Comparatif fonctionnement cerveau / ordinateur

Un ordinateur ne fonctionne pas comme un cerveau humain mais l’intelligence  artificielle tente de s’y rapprocher le plus possible. Ici nous allons étudier les principales différences entre le fonctionnement d’un cerveau humain et le fonctionnement d’un ordinateur pour en déduire les principales difficultés de la création de l’intelligence artificielle.

 

 1) Connexions figées contre connexions souples

 

Un ordinateur est fait de composant de bases comme un processeur ou une carte mère chaque élément a sa propre fonction et malheureusement quand un composant est endommagé l’ordinateur est souvent inutilisable, là est la principale différence avec le cerveau humain. Dans notre cerveau rien n’est figé contrairement aux composants de l’ordinateur, ses quelques 100 milliards de neurones peuvent se modifier, se réorganiser, voire même se remplacer. Les relations entre les neurones ne sont pas  fixes et peuvent varier en fonction des besoins. Résultat : un cerveau unique, propre à l’individu qui l’abrite, et qui se remodèle sans cesse.

 

Un processeur                                       /                                      Un neurone

                                                                      

 

 

2) Mémoire inscrite contre mémoire réactivée

 

Pour digérer des quantités abyssales d’informations, l’ordinateur n’a pas une mémoire, mais plusieurs sortes. Des  mémoires de masse qui stockent durablement en interne sur disque dur, ou sur des DVD amovibles, programmes et données, mais aussi des  mémoires de travail, d’accès beaucoup plus rapide, comme la mémoire vive ou la mémoire cache. Grand avantage de ces mémoires informatiques : elles sont infaillibles ! Car le moindre Bit (pour binary digit, chiffre binaire, c’est la plus petite quantité d’information pour un ordinateur ; il ne peut valoir que 0 ou 1) d’information y est enregistré physiquement comme gravé : selon les différentes technologies utilisées, chaque 1 ou 2 est ainsi stocké dans une cellule magnétique, aimanté ou non ; dans un transistor qui laisse passer ou non le courant ; ou dans une cavité, creusé ou non, dans un support tel que CD, DVD, BLU RAY etc... Aucun flou n’est possible, aucune approximation ; et sauf incident technique, ces informations conservent leur intégrité. Cerise sur le gâteau : on peut reproduire à l’identique ces informations sur un autres support.

 

Le cerveau ne peut pas fonctionner sur le même principe car il n’a pas la capacité de stocker chaque seconde de notre vie.

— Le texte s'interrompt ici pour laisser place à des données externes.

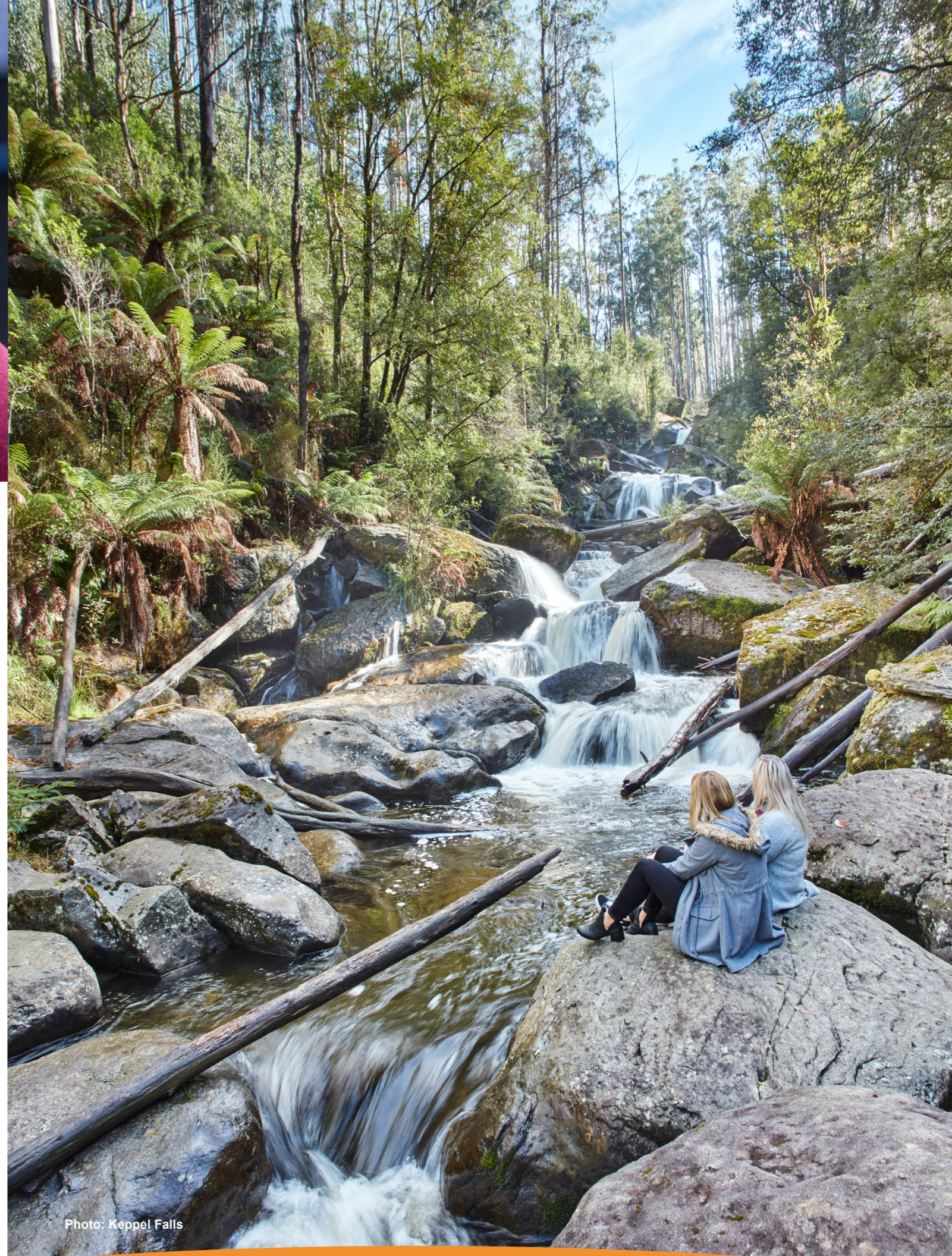
Photo: Keppel Falls

Another useful link for information about Aged Care Services is www.myagedcare.gov.au

Il doit utiliser différentes méthodes pour conserver nos souvenirs. Par exemple, en les découpant sous forme de concepts associés : les liens tissés entre « chaise », « rouge » et « confortable » permettraient ainsi d’évoquer « le fauteuil du salon ». Ou en réactivant les mêmes neurones sollicités durant  la mémorisation : souvenir d’un fauteuil reviendrait donc à recréer son image fictive. La mémoire humaine est loin d’être comprise, mais une chose est sûre : un souvenir ne se crée pas sous forme d’une molécule. C’est au niveau des synapses, les zones de contact entre les neurones, que se joue l’essentiel de la mémorisation. En effet, les synapses se modifient en produisant plus ou moins de neurotransmetteurs : tantôt ils y coulent à flot (on parle de « potentialisation à long terme »), tantôt, au contraire ils sont a régime sec (« dépression à long terme »). De nombreux chercheurs pensent que la combinaison de ces deux phénomènes le long des neurones, suivant un code encore inconnu, conduirait à la mémorisation.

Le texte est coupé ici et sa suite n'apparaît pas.